Realitas inilah yang kemudian menjadi penting untuk melihat kembali arah pembangunan SDM Indonesia. Pertanyaannya bukan hanya bagaimana menciptakan institusi pendidikan yang unggul, tetapi juga bagaimana memastikan bahwa hasil pendidikan dapat menjangkau dan memberikan manfaat bagi mayoritas masyarakat yang menjadi penggerak utama perekonomian nasional.
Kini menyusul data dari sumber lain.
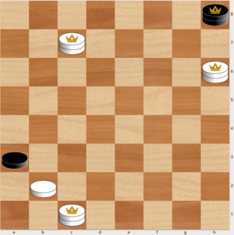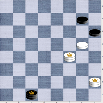 В каждой позиции добавьте одну чёрную шашку на любое поле (не под бой) так, чтобы белые при своём ходе могли выиграть. Проявите свою смекалку!
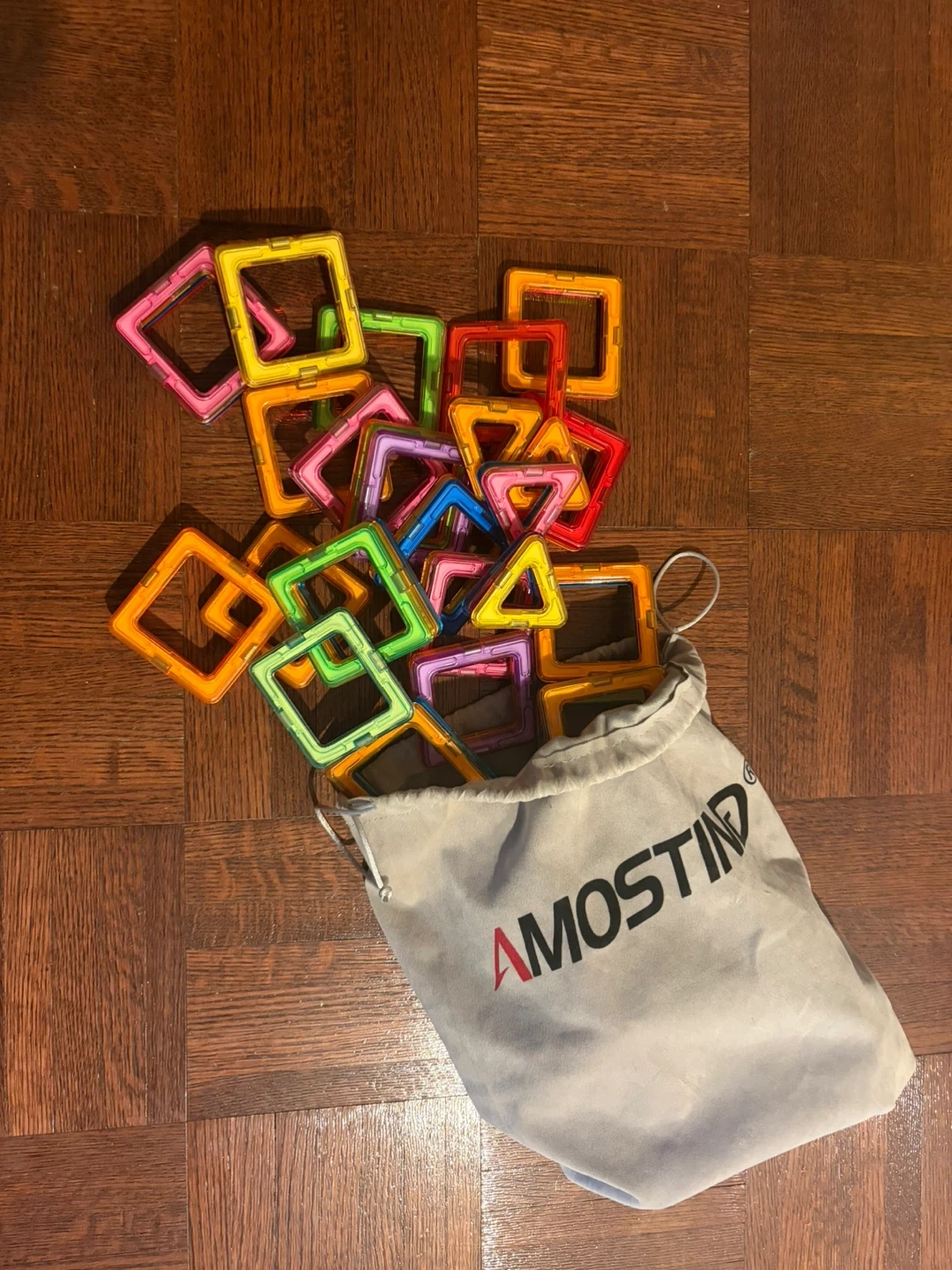 This AMOSTIND magnetic building block set comes with 64 pieces. It includes a storage bag for easy cleanup. These colourful blocks are great for creative play and building different structures!
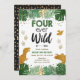Four ever Wild Dino Boy Gold Dinosaur Birthday Invitation
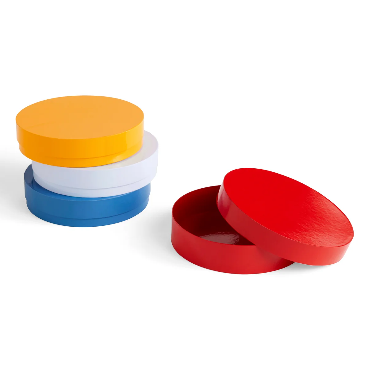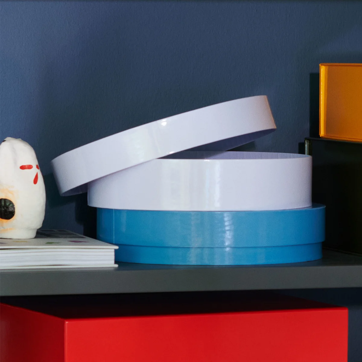 Die Colour Aufbewahrungsboxen formen eine Serie von vielseitigen und dekorativen Aufbewahrungsbehältern. Hergestellt aus einer strapazierfähigen, extra dicken FSC-zertifizierten Kartonmischung mit einem schönen glänzenden Finish, können die rechteckigen Boxen zum Organisieren und Aufbewahren einer Vielzahl von Gegenständen auf Schreibtischen, Regalen oder Schränken verwendet werden. Die runden Aufbewahrungsboxen sind in unterschiedlichen Ausführungen erhältlich.
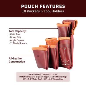- Características: com quatro compartimentos empilhados, esta bolsa de couro é ideal para emolduradores, carpinteiros em geral e comerciantes que preferem uma configuração de alta capacidade. O couro de flor integral é feito para durabilidade a longo prazo.
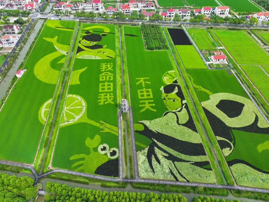“我们从2018年起就启动了稻田画项目,今年稻田画里有火箭升空、红旗飘舞、哪吒大战敖丙等图案,契合国庆又充满童趣,小朋友们特别喜欢。”横沙稻田画设计师闫伟兴告诉记者,近年来横沙乡将创意农业与休闲旅游相结合,稻田画“引流”作用明显。
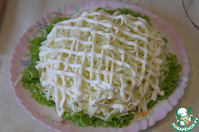 3 слой - яблоко, нарезанное тонкой соломкой и сеточка из майонеза.
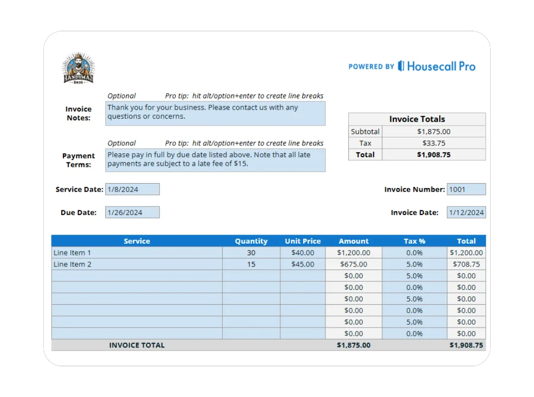 - Notes and Terms: Use the Invoice Notes and Payment Terms sections to thank the customer and specify how you accept payment (e.g., “Checks payable to…”).
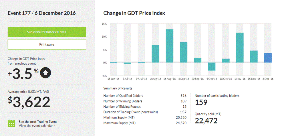 Как стало известно, стоимость молочной продукции выросла на 3,5% (до $3622 за метрическую тонну) после того, как увеличилась на 4,5% в ходе предыдущего аукциона (до $3519 за метрическую тонну). Стоит подчеркнуть, повышение цен фиксируется уже четвертую неделю подряд. Результаты аукциона также показали, что стоимость цельного сухого молока выросла на 4,9%, до $3593 за метрическую тонну.
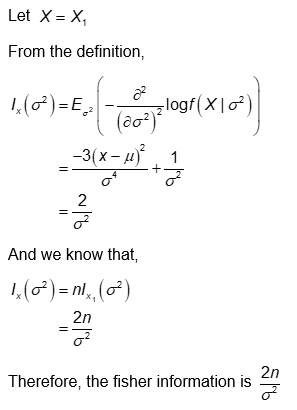 Suppose that a random variable X has the normal distribution with mean 0 and unknown variance σ2> 0. Find the Fisher information I(σ2) in X. Note that in this exercise, the variance σ2 is regarded as the parameter, whereas in Exercise 4, the standard deviation σ is regarded as the parameter.
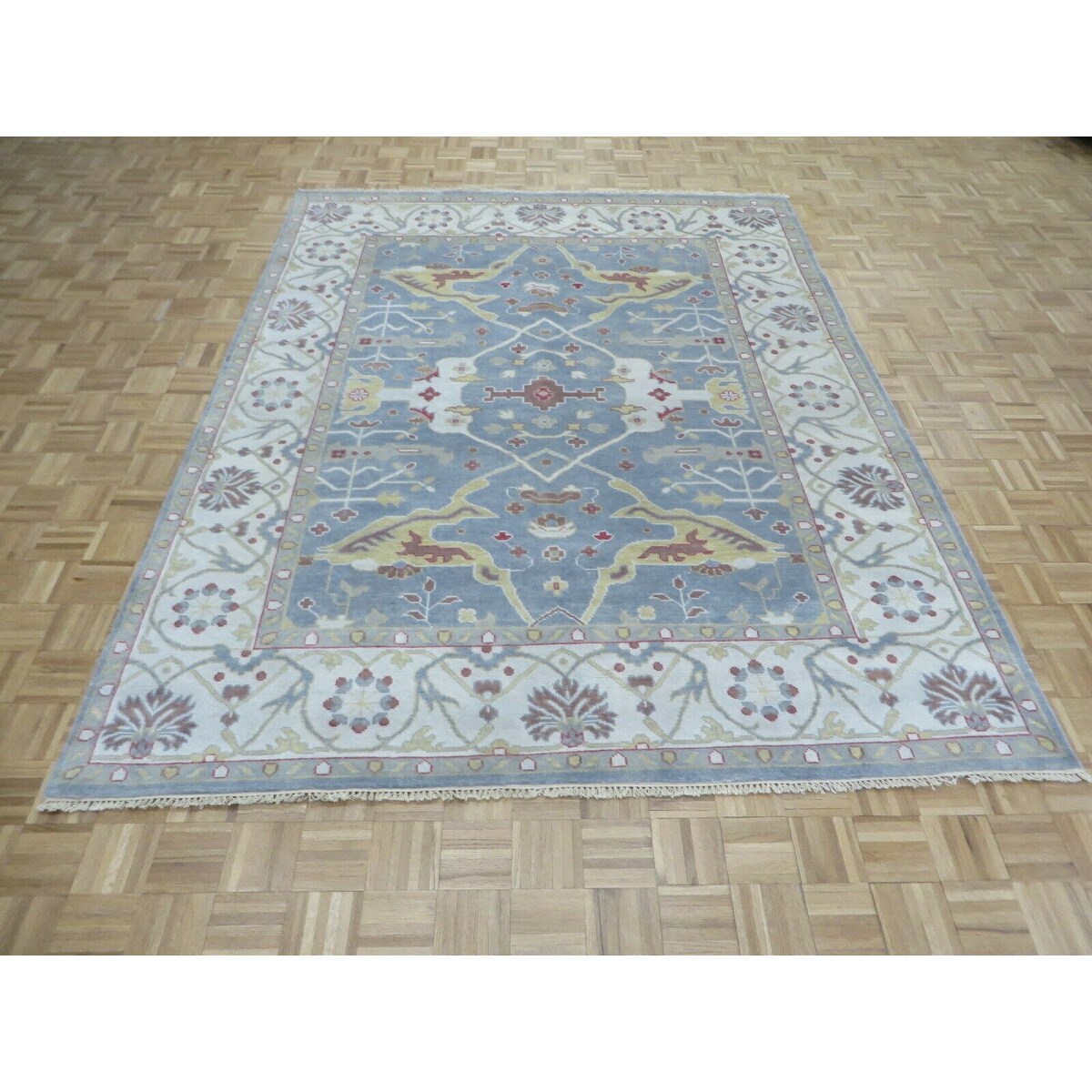 Hand Knotted Light Blue Oushak with Wool Oriental Rug (7'8" x 9'11") - 7'8" x 9'11"

Melihat Realitas Pasar Kerja Kita

Persoalan terbesar pembangunan SDM Indonesia sesungguhnya tidak berada pada sisi pendidikan semata, melainkan pada struktur pasar kerja yang masih didominasi sektor informal.

Data Badan Pusat Statistik (BPS) Februari 2026 menunjukkan bahwa Indonesia memiliki sekitar 154,91 juta angkatan kerja. Dari jumlah tersebut, sekitar 147,67 juta orang bekerja. Namun yang menarik, sekitar 59,42 persen atau 87,74 juta orang bekerja di sektor informal, sedangkan pekerja formal hanya sekitar 40,58 persen. Data tersebut menunjukkan bahwa wajah utama pasar kerja Indonesia bukanlah kantor pemerintahan, perusahaan besar, maupun industri modern.

Mayoritas masyarakat justru bekerja sebagai petani, nelayan, pedagang pasar, pelaku UMKM, pekerja mandiri, buruh harian, pekerja lepas, hingga pengemudi transportasi daring.

Kelompok inilah yang setiap hari menjaga roda ekonomi nasional tetap berputar. Mereka menjaga ketahanan pangan, mendistribusikan kebutuhan masyarakat, menciptakan lapangan kerja secara mandiri, dan menjadi bantalan ekonomi ketika terjadi krisis.

Ironisnya, justru kelompok terbesar inilah yang menghadapi produktivitas rendah, pendapatan yang tidak stabil, akses pembiayaan yang terbatas, minim perlindungan sosial, serta rendahnya akses terhadap teknologi dan pelatihan.

Fenomena tersebut memperlihatkan bahwa persoalan utama Indonesia bukan sekadar menciptakan lapangan kerja formal, melainkan meningkatkan produktivitas sektor informal yang menjadi penyerap tenaga kerja terbesar.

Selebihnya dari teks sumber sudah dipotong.